### Stored data
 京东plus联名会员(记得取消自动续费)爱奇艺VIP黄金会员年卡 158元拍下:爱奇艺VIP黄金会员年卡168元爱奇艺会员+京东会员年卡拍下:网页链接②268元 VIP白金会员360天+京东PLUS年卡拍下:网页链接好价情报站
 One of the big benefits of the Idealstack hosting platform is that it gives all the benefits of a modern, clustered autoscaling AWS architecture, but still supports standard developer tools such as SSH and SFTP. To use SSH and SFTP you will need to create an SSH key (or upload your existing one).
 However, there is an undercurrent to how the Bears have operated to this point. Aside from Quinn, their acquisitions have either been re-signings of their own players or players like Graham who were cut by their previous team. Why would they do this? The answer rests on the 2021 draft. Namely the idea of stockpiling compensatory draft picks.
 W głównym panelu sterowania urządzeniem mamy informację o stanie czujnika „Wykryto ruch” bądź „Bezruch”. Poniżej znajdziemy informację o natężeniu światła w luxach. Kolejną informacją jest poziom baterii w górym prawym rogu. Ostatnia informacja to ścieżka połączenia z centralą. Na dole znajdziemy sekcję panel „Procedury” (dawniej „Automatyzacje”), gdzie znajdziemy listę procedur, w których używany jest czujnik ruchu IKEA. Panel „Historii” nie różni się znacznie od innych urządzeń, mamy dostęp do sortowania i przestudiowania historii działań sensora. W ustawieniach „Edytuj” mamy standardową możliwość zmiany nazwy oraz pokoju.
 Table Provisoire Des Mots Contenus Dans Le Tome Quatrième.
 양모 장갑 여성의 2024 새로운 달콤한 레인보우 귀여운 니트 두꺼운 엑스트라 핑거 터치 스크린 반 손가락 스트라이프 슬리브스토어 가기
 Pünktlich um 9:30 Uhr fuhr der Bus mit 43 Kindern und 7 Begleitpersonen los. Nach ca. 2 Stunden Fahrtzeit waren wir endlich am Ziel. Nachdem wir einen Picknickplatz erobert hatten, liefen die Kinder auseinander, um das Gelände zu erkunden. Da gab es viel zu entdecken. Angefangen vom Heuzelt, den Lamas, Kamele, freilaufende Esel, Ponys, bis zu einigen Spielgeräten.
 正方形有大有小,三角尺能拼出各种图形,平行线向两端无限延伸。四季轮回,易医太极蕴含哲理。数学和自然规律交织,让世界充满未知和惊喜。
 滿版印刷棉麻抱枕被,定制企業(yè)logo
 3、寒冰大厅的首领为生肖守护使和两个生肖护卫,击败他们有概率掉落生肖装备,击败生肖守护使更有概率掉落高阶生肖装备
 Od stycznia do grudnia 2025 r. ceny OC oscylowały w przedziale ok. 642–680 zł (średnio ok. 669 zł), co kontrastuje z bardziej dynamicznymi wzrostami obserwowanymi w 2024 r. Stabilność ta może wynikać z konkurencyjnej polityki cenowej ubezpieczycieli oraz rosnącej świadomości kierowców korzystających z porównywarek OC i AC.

### Task directions
Please copy only the lines between the first line of the entries and the line with "However, there is", keeping those two end lines as well, exactly as written.

### Solution
 京东plus联名会员(记得取消自动续费)爱奇艺VIP黄金会员年卡 158元拍下:爱奇艺VIP黄金会员年卡168元爱奇艺会员+京东会员年卡拍下:网页链接②268元 VIP白金会员360天+京东PLUS年卡拍下:网页链接好价情报站
 One of the big benefits of the Idealstack hosting platform is that it gives all the benefits of a modern, clustered autoscaling AWS architecture, but still supports standard developer tools such as SSH and SFTP. To use SSH and SFTP you will need to create an SSH key (or upload your existing one).
 However, there is an undercurrent to how the Bears have operated to this point. Aside from Quinn, their acquisitions have either been re-signings of their own players or players like Graham who were cut by their previous team. Why would they do this? The answer rests on the 2021 draft. Namely the idea of stockpiling compensatory draft picks.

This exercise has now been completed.